▶ Directions for this task
All of the data, except its images, should be set down exactly as it appears.
********
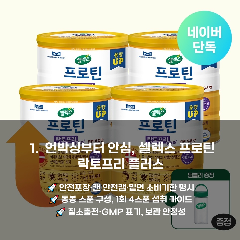 근력 개선 단백질 셀렉스 락토프리 플러스 608g 4개, 사용후기와 섭취 팁안녕하세요, 네이버 체험단입니다. 오늘은 [근력 개선 단백질] 셀렉스 프로틴 락토프리 플러스 608g, 4개에 대해 소개해드릴게요.궁금한 점이 있으시면 댓글이나 문의글로 남겨주시면 감사하겠습니다.언박싱과 패키지 구성에서 느낀 첫인상이번에 받아본 [근력 개선 단백질] 셀렉스 프로틴 락토프리 플러스 608g, 4개 세트는 박스부터 안전포장이 꼼꼼해서 믿음이 갔어요요. 각 캔에 안전캡이 적용되어 위생적으로 느껴졌고요요. 안쪽에는 변경된 작은 스푼이 함께 들어 있는데 1회 섭취량이 4스푼으로 안내되어 있어 헷갈리지 않았어요요. 질소충전과 GMP 표기가 있어 보관 안정성도 신경 쓴 게 보였고, 캔 밑면에 소비기한이 명확히 표기되어 있어 재..
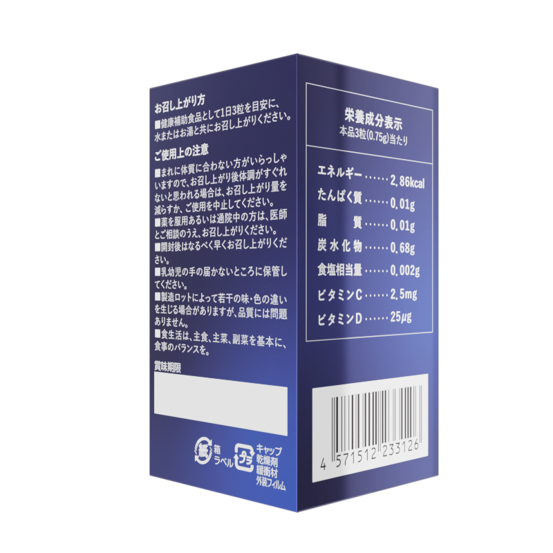 | 原材料名 | マルトース(国内製造) カラマツ形成層 秋ウコン粉末 インマルㇳ 桂皮末ペパーミント たんぽぽの根粉末 桔梗末 セイヨウキヅタ 乾燥エキス ベニバナエキス サンザシエキス末 カラマツ形成層木部抽出物 木部抽出物 ウコンエキス/結晶セルロース ステアリン酸マグネシウム 二酸化ケイ素 加工デンプン ビタミンC ヒマワリレシチン ビタミンD |
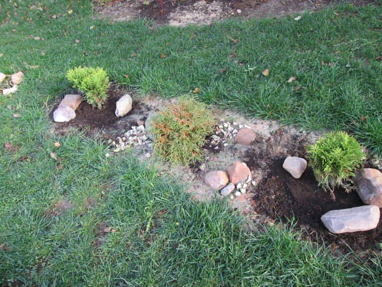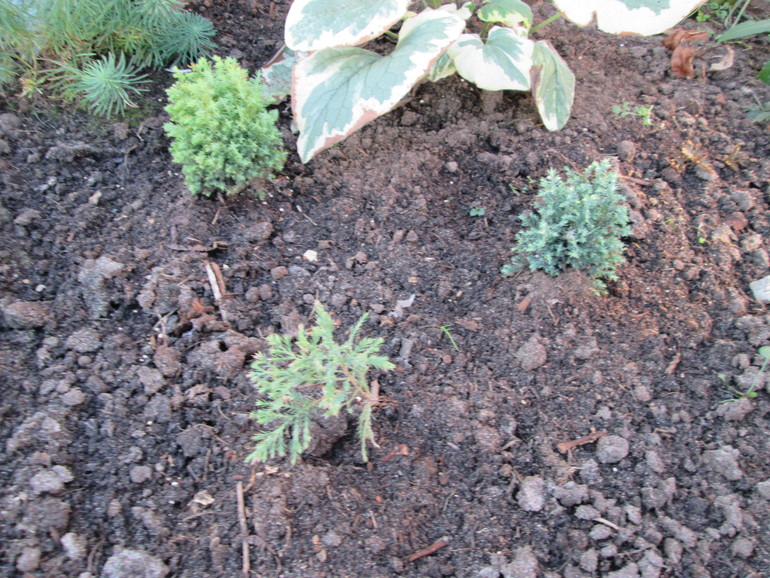 Хвойники - очень молоденькие, надеюсь что выживут и вырастут)) Якобы карликовая ель, но похожа на кедр иголками.
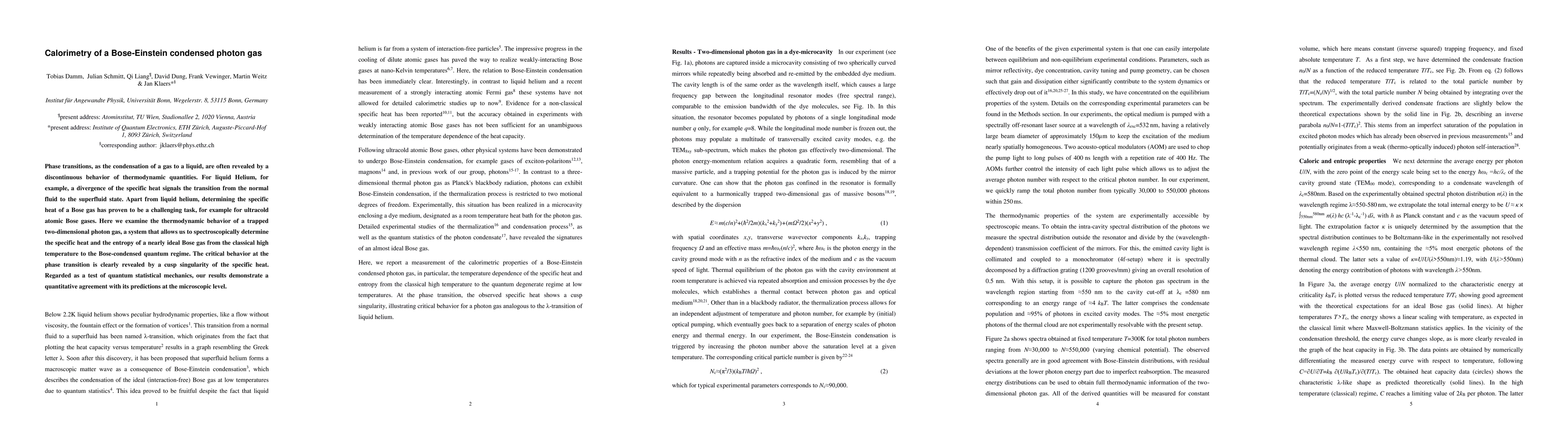 This paper investigates the thermodynamic behavior of a trapped two-dimensional photon gas, determining its specific heat and entropy across classical and quantum regimes. The study reveals a cusp singularity in the specific heat at the phase transition, confirming predictions of quantum statistical mechanics.
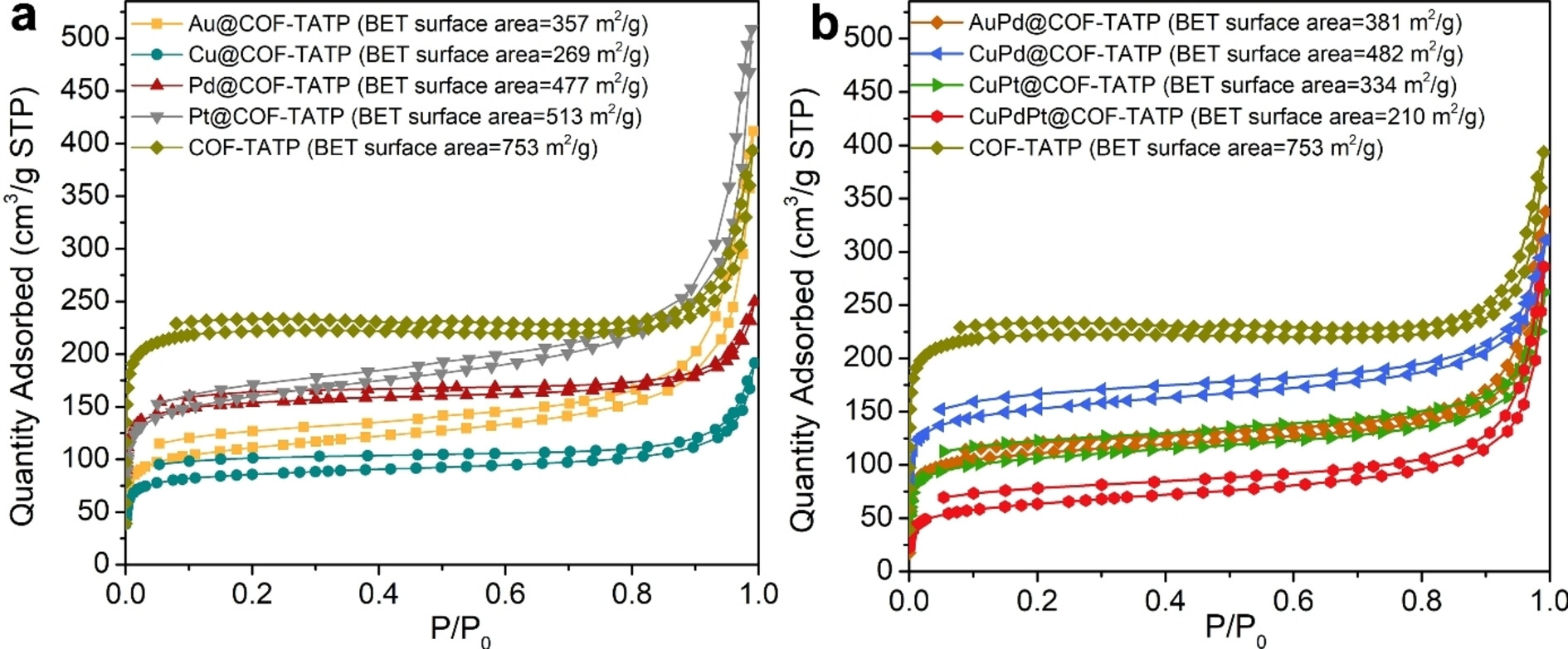使用布鲁纳尔-埃米特-泰勒(BET)方法对所得金属NPs载COFs的比表面积和孔隙结构进行分析,结果显示原始COF-TATP的比表面积为753 m²/g,金属NPs的引入导致COF通道的部分堵塞,比表面积减小。
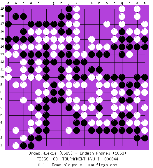Last move : 0-1 2013 May 2 9:3:56 [Event "FICGS__GO__TOURNAMENT_KYU_I__000044"] [Site "FICGS"] [Date "2013.02.17"] [Round "1"] [Black "Bromo,Alexis"] [White "Endean,Andrew"] [Result "0-1"] [Rating 1 "0685"] [Rating 2 "1063"] 1.q16 d4 2.q4 d16 3.k4 d10 4.q10 k16 5.k10 o17 6.g7 r6 7.n13 m15 8.j13 h15 9.g12 e12 10.f10 e8 11.e6 d6 12.f4 e5 13.f5 e7 14.f6 e4 15.e3 d3 16.f3 p7 17.q7 q6 18.r7 p5 19.p4 s7 20.r8 r4 21.r3 s4 22.s3 s8 23.s9 q8 24.r9 p9 25.p10 o9 26.o10 n10 27.n11 m10 28.m11 l9 29.l10 k9 30.j9 j8 31.h8 j7 32.h7 l6 33.j6 k6 34.k5 l5 35.l4 m4 36.m3 n4 37.n3 o4 38.o3 l11 39.l12 j10 40.k11 h9 41.h11 j11 42.j12 o14 43.o13 n14 44.p14 p15 45.q15 p16 46.f17 f16 47.g17 g16 48.h17 j17 49.e17 e16 50.d17 c17 51.c18 b17 52.b18 g13 53.h13 h14 54.f13 g14 55.e13 e11 56.f12 d14 57.d13 e14 58.f14 f15 59.f11 e10 60.a17 a16 61.c16 b16 62.c15 c14 63.b15 a18 64.a15 b14 65.a17 k14 66.j14 j15 67.h16 q17 68.r17 q18 69.r18 q19 70.r19 r16 71.r15 s16 72.s17 s15 73.q14 t17 74.s14 s18 75.t15 s19 76.h10 j9 77.g9 f9 78.g8 f8 79.q5 p6 80.q9 p8 81.r5 s5 82.q3 t9 83.t10 t8 84.s10 t3 85.t2 t4 86.s2 t6 87.j18 k18 88.j19 k19 89.h18 c12 90.c13 b13 91.d2 c2 92.e2 b3 93.c1 b1 94.d1 t16 95.t14 k13 96.k12 l13 97.m13 m14 98.d15 e15 99.a14 a13 100.j16 k17 101.d12 c11 102.d11 c9 103.f7 c7 104.m9 n9 105.m8 m7 106.l8 k7 107.l7 n7 108.m5 n5 109.b12 g15 110.a12 k15 111.b11 c10 112.b10 b9 113.k8 n8 114.n6 m6 115.a19 a10 116.p3 j3 117.k3 r13 118.r14 a11 119.q13 pass 120.pass pass 0-1 Here are the names of the openings (joseki) played in the four corners : Corner q16 : q16 o17 Hoshi (Hwajeom, Seongjeom, Xingwei`) 4-4 Point. The star or hoshi (4-4) point, emphasizing influence at the potential expense of territory. Ikken Kakari (Hankan Keolch'im, Yi Gua`jiao~, 1-Space Low Approach). White 2 is the standard approach move to the 4-4. Corner d4 : d4 g7 Hoshi (Hwajeom, Seongjeom, Xingwei`) 4-4 Point. The star or hoshi (4-4) point, emphasizing influence at the potential expense of territory. Corner q4 : q4 r6 Hoshi (Hwajeom, Seongjeom, Xingwei`) 4-4 Point. The star or hoshi (4-4) point, emphasizing influence at the potential expense of territory. Ikken Kakari (Hankan Keolch'im, Yi Gua`jiao~, 1-Space Low Approach). White 2 is the standard approach move to the 4-4. Corner d16 : d16 j13 Hoshi (Hwajeom, Seongjeom, Xingwei`) 4-4 Point. The star or hoshi (4-4) point, emphasizing influence at the potential expense of territory. Player White won this Go (weiqi, baduk) game. Follow this game move after move (download)If you don't know ladders, don't play go. (Anonymous) Always two there are. No more no less. A master, and an apprentice. (Master Yoda in Star Wars ep.1)
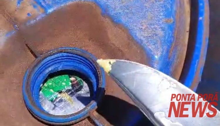 Uma equipe da Polícia Rodoviária Federal (PRF) apreendeu, neste domingo (24), cerca de 457 quilos de cocaína escondidos em tambores plásticos de combustíveis em um caminhão Mercedes Benz com placas de São Paulo, na rodovia MS 229, em Chapadão do Sul.
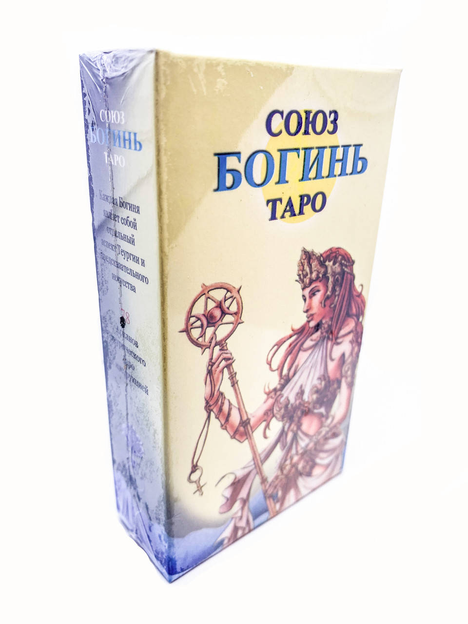 Таро Союз Богинь состоит из 78 карт. В этих картах в ликах древних женщин - Богинь семи континентов - воплощена квинтэссенция женской магии. Каждая Богиня являет собой отдельный аспект Теургии и Предсказательного искусства, которыми поделится с нами. Мы сможем выбрать себе покровительниц и помощниц в нашем сложном и увлекательном путешествии по жизни. Они помогут нам найти правильную дорогу, станут путеводной звездой.
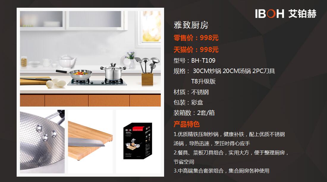 概述:型号:BH-T109 规格: 30CM炒锅 20CM汤锅 2PC刀具 T8升级版 材质:不锈钢 包装:彩盒 装箱数:2套/箱
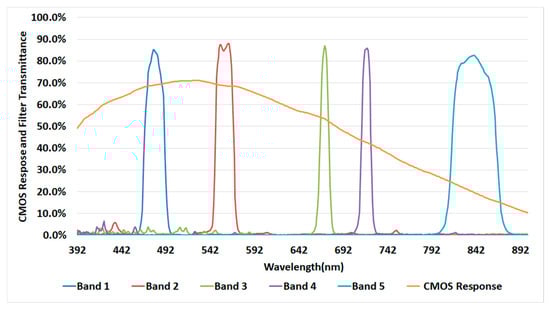 Radiometric calibration was implemented on a miniaturized multispectral camera manufactured by MicaSense, Inc., America. MicaSense RedEdge-MX is an advanced multispectral camera specially designed for small, unmanned aircraft systems. It includes compact bundles (rigs) of five cameras with CMOS sensors. The size of each CMOS sensor is 1280 × 960. This multispectral camera uses narrow-pass filters to control the incident light and can simultaneously capture five discrete spectral bands (blue, green, red, red edge, near-infrared) [,,]. The detailed parameters of the sensor are displayed in Table 1. The spectral response of the sensor and transmittance of filters for each band are shown in Figure 1 [].
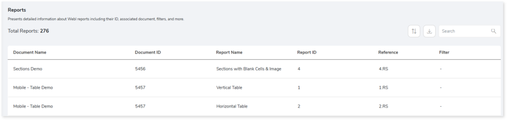 - Report Name: Displays the name of each report.
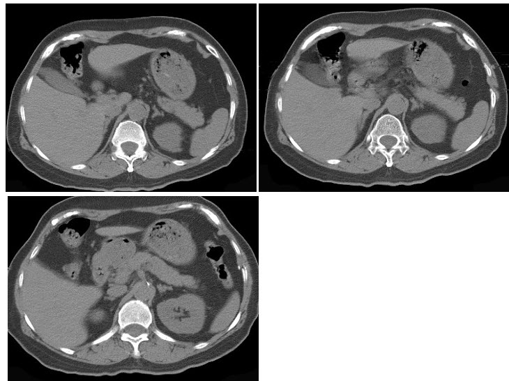 患者,女,56岁,上腹隐痛半年余,黑便。上腹部CT增强扫描图像如下,最有可能的诊断是()
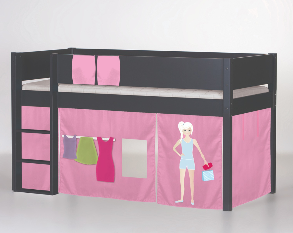 The curtain is designed in pink with dolls. We have this curtain for the 200 cm beds. The curtain comes with velcro, you put it under the bed, and then the curtain is attached to the velcro strip.
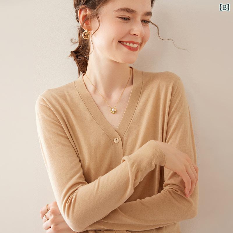 商品名 : レディース 春夏 Vネック カーディガン 薄手 ニットセーター 絹 カシミア混 インナー アウター 接触冷感 軽量 吸湿速乾 高級感
********
▶ Result below
 근력 개선 단백질 셀렉스 락토프리 플러스 608g 4개, 사용후기와 섭취 팁안녕하세요, 네이버 체험단입니다. 오늘은 [근력 개선 단백질] 셀렉스 프로틴 락토프리 플러스 608g, 4개에 대해 소개해드릴게요.궁금한 점이 있으시면 댓글이나 문의글로 남겨주시면 감사하겠습니다.언박싱과 패키지 구성에서 느낀 첫인상이번에 받아본 [근력 개선 단백질] 셀렉스 프로틴 락토프리 플러스 608g, 4개 세트는 박스부터 안전포장이 꼼꼼해서 믿음이 갔어요요. 각 캔에 안전캡이 적용되어 위생적으로 느껴졌고요요. 안쪽에는 변경된 작은 스푼이 함께 들어 있는데 1회 섭취량이 4스푼으로 안내되어 있어 헷갈리지 않았어요요. 질소충전과 GMP 표기가 있어 보관 안정성도 신경 쓴 게 보였고, 캔 밑면에 소비기한이 명확히 표기되어 있어 재..
 | 原材料名 | マルトース(国内製造) カラマツ形成層 秋ウコン粉末 インマルㇳ 桂皮末ペパーミント たんぽぽの根粉末 桔梗末 セイヨウキヅタ 乾燥エキス ベニバナエキス サンザシエキス末 カラマツ形成層木部抽出物 木部抽出物 ウコンエキス/結晶セルロース ステアリン酸マグネシウム 二酸化ケイ素 加工デンプン ビタミンC ヒマワリレシチン ビタミンD |
 Хвойники - очень молоденькие, надеюсь что выживут и вырастут)) Якобы карликовая ель, но похожа на кедр иголками.
 This paper investigates the thermodynamic behavior of a trapped two-dimensional photon gas, determining its specific heat and entropy across classical and quantum regimes. The study reveals a cusp singularity in the specific heat at the phase transition, confirming predictions of quantum statistical mechanics.
使用布鲁纳尔-埃米特-泰勒(BET)方法对所得金属NPs载COFs的比表面积和孔隙结构进行分析,结果显示原始COF-TATP的比表面积为753 m²/g,金属NPs的引入导致COF通道的部分堵塞,比表面积减小。
Last move : 0-1 2013 May 2 9:3:56 [Event "FICGS__GO__TOURNAMENT_KYU_I__000044"] [Site "FICGS"] [Date "2013.02.17"] [Round "1"] [Black "Bromo,Alexis"] [White "Endean,Andrew"] [Result "0-1"] [Rating 1 "0685"] [Rating 2 "1063"] 1.q16 d4 2.q4 d16 3.k4 d10 4.q10 k16 5.k10 o17 6.g7 r6 7.n13 m15 8.j13 h15 9.g12 e12 10.f10 e8 11.e6 d6 12.f4 e5 13.f5 e7 14.f6 e4 15.e3 d3 16.f3 p7 17.q7 q6 18.r7 p5 19.p4 s7 20.r8 r4 21.r3 s4 22.s3 s8 23.s9 q8 24.r9 p9 25.p10 o9 26.o10 n10 27.n11 m10 28.m11 l9 29.l10 k9 30.j9 j8 31.h8 j7 32.h7 l6 33.j6 k6 34.k5 l5 35.l4 m4 36.m3 n4 37.n3 o4 38.o3 l11 39.l12 j10 40.k11 h9 41.h11 j11 42.j12 o14 43.o13 n14 44.p14 p15 45.q15 p16 46.f17 f16 47.g17 g16 48.h17 j17 49.e17 e16 50.d17 c17 51.c18 b17 52.b18 g13 53.h13 h14 54.f13 g14 55.e13 e11 56.f12 d14 57.d13 e14 58.f14 f15 59.f11 e10 60.a17 a16 61.c16 b16 62.c15 c14 63.b15 a18 64.a15 b14 65.a17 k14 66.j14 j15 67.h16 q17 68.r17 q18 69.r18 q19 70.r19 r16 71.r15 s16 72.s17 s15 73.q14 t17 74.s14 s18 75.t15 s19 76.h10 j9 77.g9 f9 78.g8 f8 79.q5 p6 80.q9 p8 81.r5 s5 82.q3 t9 83.t10 t8 84.s10 t3 85.t2 t4 86.s2 t6 87.j18 k18 88.j19 k19 89.h18 c12 90.c13 b13 91.d2 c2 92.e2 b3 93.c1 b1 94.d1 t16 95.t14 k13 96.k12 l13 97.m13 m14 98.d15 e15 99.a14 a13 100.j16 k17 101.d12 c11 102.d11 c9 103.f7 c7 104.m9 n9 105.m8 m7 106.l8 k7 107.l7 n7 108.m5 n5 109.b12 g15 110.a12 k15 111.b11 c10 112.b10 b9 113.k8 n8 114.n6 m6 115.a19 a10 116.p3 j3 117.k3 r13 118.r14 a11 119.q13 pass 120.pass pass 0-1 Here are the names of the openings (joseki) played in the four corners : Corner q16 : q16 o17 Hoshi (Hwajeom, Seongjeom, Xingwei`) 4-4 Point. The star or hoshi (4-4) point, emphasizing influence at the potential expense of territory. Ikken Kakari (Hankan Keolch'im, Yi Gua`jiao~, 1-Space Low Approach). White 2 is the standard approach move to the 4-4. Corner d4 : d4 g7 Hoshi (Hwajeom, Seongjeom, Xingwei`) 4-4 Point. The star or hoshi (4-4) point, emphasizing influence at the potential expense of territory. Corner q4 : q4 r6 Hoshi (Hwajeom, Seongjeom, Xingwei`) 4-4 Point. The star or hoshi (4-4) point, emphasizing influence at the potential expense of territory. Ikken Kakari (Hankan Keolch'im, Yi Gua`jiao~, 1-Space Low Approach). White 2 is the standard approach move to the 4-4. Corner d16 : d16 j13 Hoshi (Hwajeom, Seongjeom, Xingwei`) 4-4 Point. The star or hoshi (4-4) point, emphasizing influence at the potential expense of territory. Player White won this Go (weiqi, baduk) game. Follow this game move after move (download)If you don't know ladders, don't play go. (Anonymous) Always two there are. No more no less. A master, and an apprentice. (Master Yoda in Star Wars ep.1)
 Uma equipe da Polícia Rodoviária Federal (PRF) apreendeu, neste domingo (24), cerca de 457 quilos de cocaína escondidos em tambores plásticos de combustíveis em um caminhão Mercedes Benz com placas de São Paulo, na rodovia MS 229, em Chapadão do Sul.
 Таро Союз Богинь состоит из 78 карт. В этих картах в ликах древних женщин - Богинь семи континентов - воплощена квинтэссенция женской магии. Каждая Богиня являет собой отдельный аспект Теургии и Предсказательного искусства, которыми поделится с нами. Мы сможем выбрать себе покровительниц и помощниц в нашем сложном и увлекательном путешествии по жизни. Они помогут нам найти правильную дорогу, станут путеводной звездой.
 概述:型号:BH-T109 规格: 30CM炒锅 20CM汤锅 2PC刀具 T8升级版 材质:不锈钢 包装:彩盒 装箱数:2套/箱
 Radiometric calibration was implemented on a miniaturized multispectral camera manufactured by MicaSense, Inc., America. MicaSense RedEdge-MX is an advanced multispectral camera specially designed for small, unmanned aircraft systems. It includes compact bundles (rigs) of five cameras with CMOS sensors. The size of each CMOS sensor is 1280 × 960. This multispectral camera uses narrow-pass filters to control the incident light and can simultaneously capture five discrete spectral bands (blue, green, red, red edge, near-infrared) [,,]. The detailed parameters of the sensor are displayed in Table 1. The spectral response of the sensor and transmittance of filters for each band are shown in Figure 1 [].
 - Report Name: Displays the name of each report.
 患者,女,56岁,上腹隐痛半年余,黑便。上腹部CT增强扫描图像如下,最有可能的诊断是()
 The curtain is designed in pink with dolls. We have this curtain for the 200 cm beds. The curtain comes with velcro, you put it under the bed, and then the curtain is attached to the velcro strip.
 商品名 : レディース 春夏 Vネック カーディガン 薄手 ニットセーター 絹 カシミア混 インナー アウター 接触冷感 軽量 吸湿速乾 高級感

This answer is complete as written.